** Opening RECORDED DATA block **

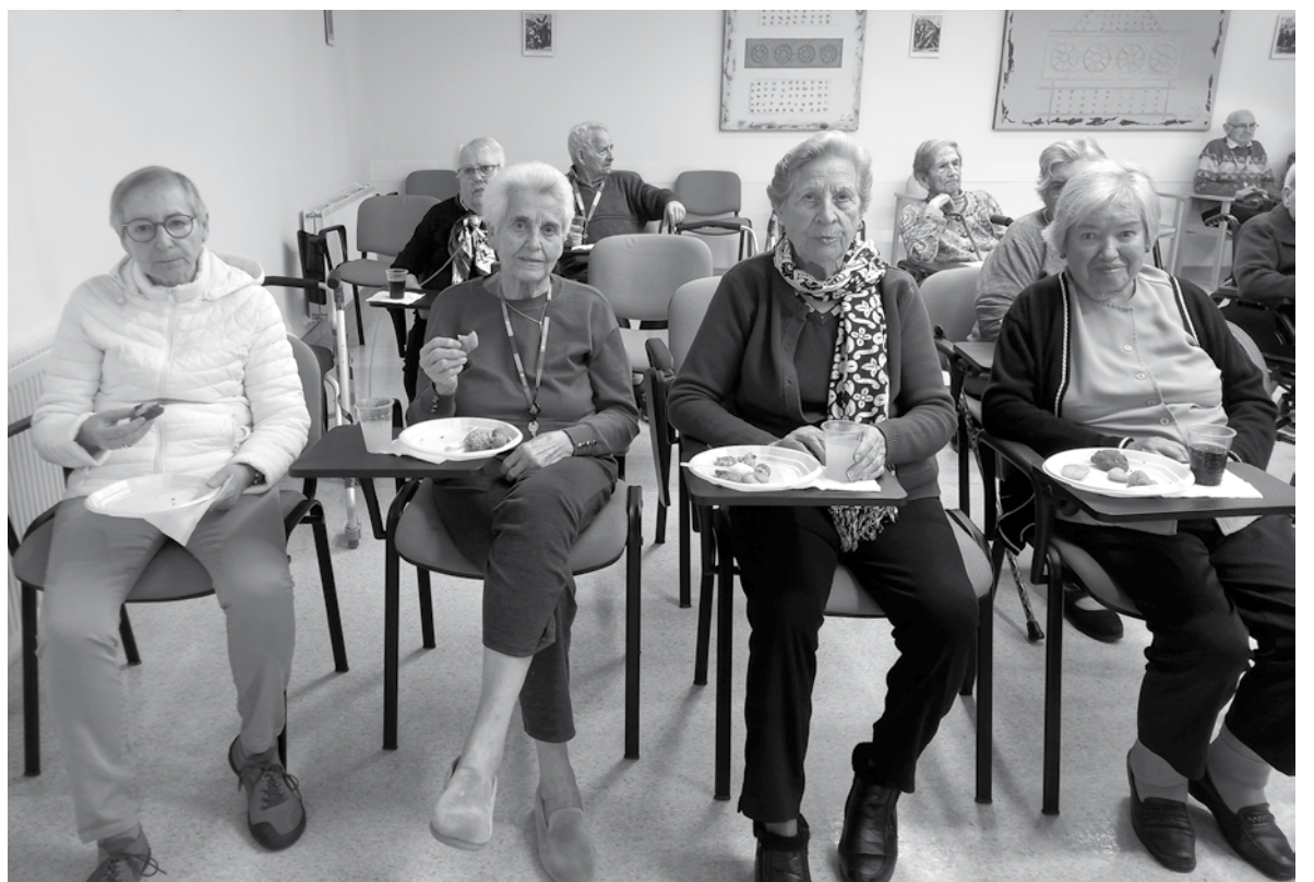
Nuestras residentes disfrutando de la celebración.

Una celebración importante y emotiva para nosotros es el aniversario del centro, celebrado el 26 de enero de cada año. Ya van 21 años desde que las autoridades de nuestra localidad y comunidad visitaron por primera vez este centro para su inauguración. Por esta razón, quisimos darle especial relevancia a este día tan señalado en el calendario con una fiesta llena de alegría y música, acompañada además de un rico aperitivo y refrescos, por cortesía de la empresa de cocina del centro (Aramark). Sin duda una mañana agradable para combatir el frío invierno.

** Closing RECORDED DATA block **
** Opening RECORDED DATA block **

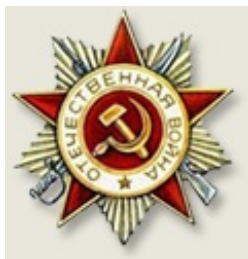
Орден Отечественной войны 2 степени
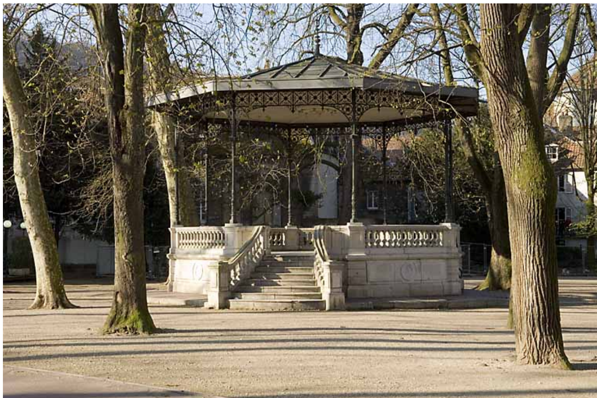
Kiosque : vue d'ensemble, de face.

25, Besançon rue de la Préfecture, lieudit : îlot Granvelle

** Closing RECORDED DATA block **

WHAT THIS TASK INVOLVES: Look back at the data above, then output exactly the lines from the line holding "Орден Отечественной войны 2 степени" up to and including the line holding "25, Besançon rue". Leave out the pictures.

TASK SOLUTION:
Орден Отечественной войны 2 степени
Kiosque : vue d'ensemble, de face.

25, Besançon rue de la Préfecture, lieudit : îlot Granvelle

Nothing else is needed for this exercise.